(Dataset items)
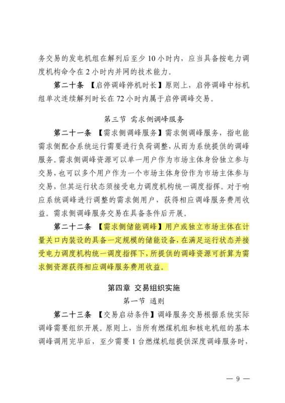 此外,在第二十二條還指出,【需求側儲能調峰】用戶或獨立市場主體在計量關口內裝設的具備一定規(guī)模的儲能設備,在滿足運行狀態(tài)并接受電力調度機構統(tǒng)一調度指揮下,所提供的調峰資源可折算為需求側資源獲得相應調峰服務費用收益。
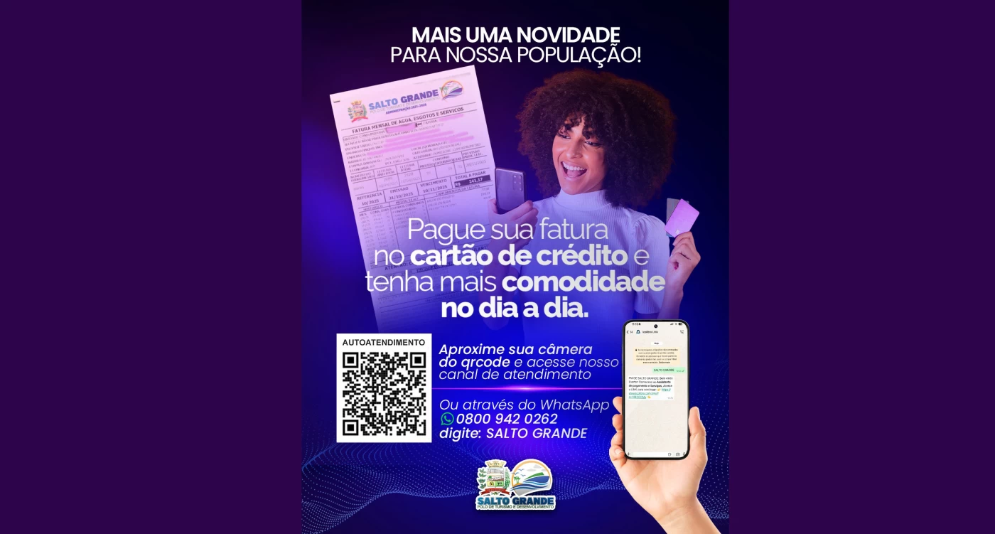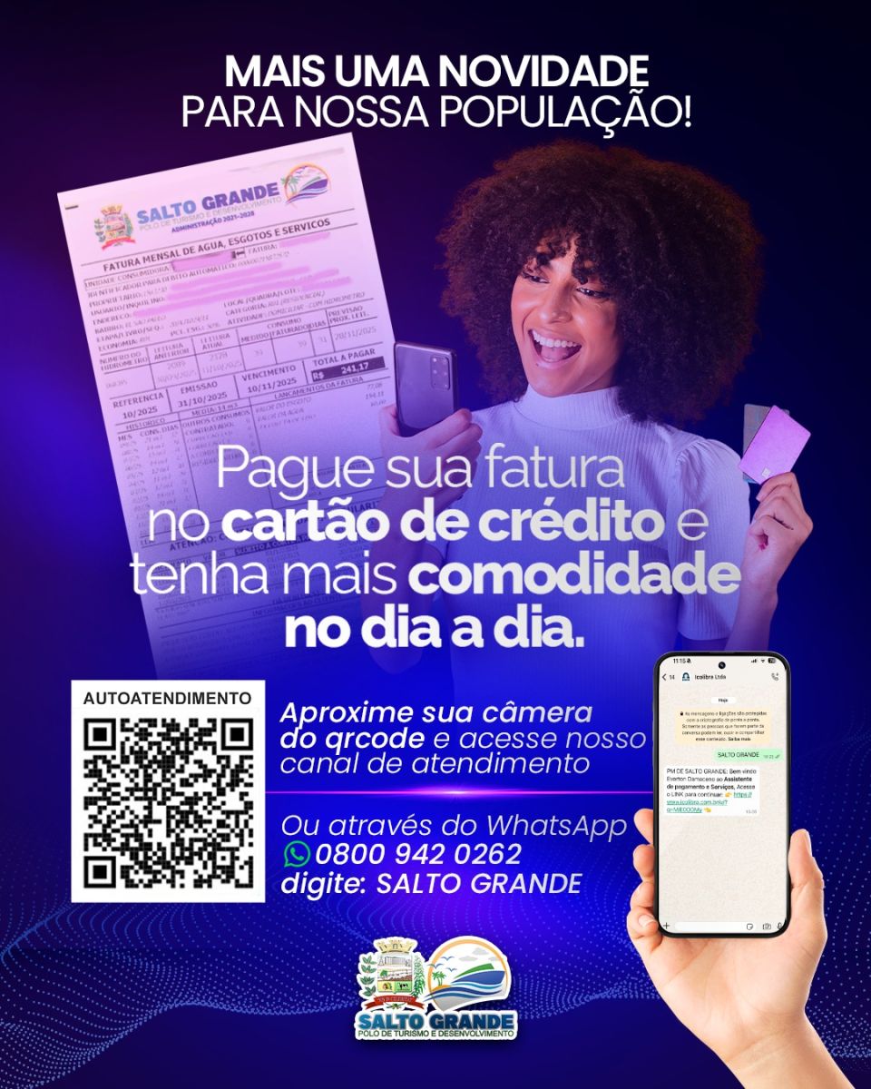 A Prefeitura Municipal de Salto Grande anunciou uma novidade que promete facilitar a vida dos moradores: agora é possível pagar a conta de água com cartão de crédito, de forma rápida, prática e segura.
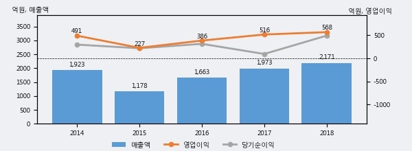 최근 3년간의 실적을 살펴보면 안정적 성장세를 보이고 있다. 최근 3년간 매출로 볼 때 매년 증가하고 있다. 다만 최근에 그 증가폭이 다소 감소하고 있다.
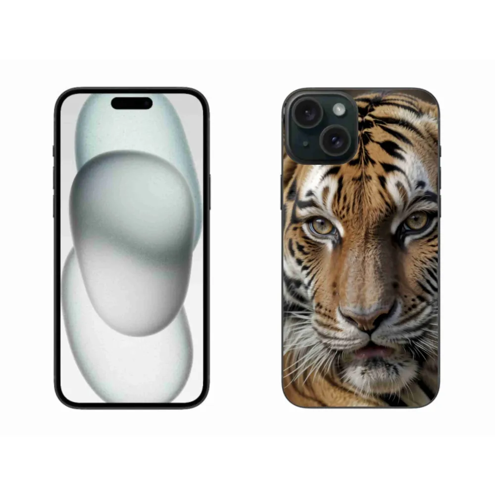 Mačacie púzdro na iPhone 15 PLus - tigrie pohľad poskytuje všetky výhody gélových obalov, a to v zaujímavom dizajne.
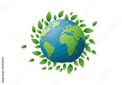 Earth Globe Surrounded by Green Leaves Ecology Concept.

## Work instruction
The final stretch of the data, from the line with "Mačacie púzdro na" through its last line, is to be retyped exactly; pictures are not part of the copy.

## Response below
 Mačacie púzdro na iPhone 15 PLus - tigrie pohľad poskytuje všetky výhody gélových obalov, a to v zaujímavom dizajne.
 Earth Globe Surrounded by Green Leaves Ecology Concept.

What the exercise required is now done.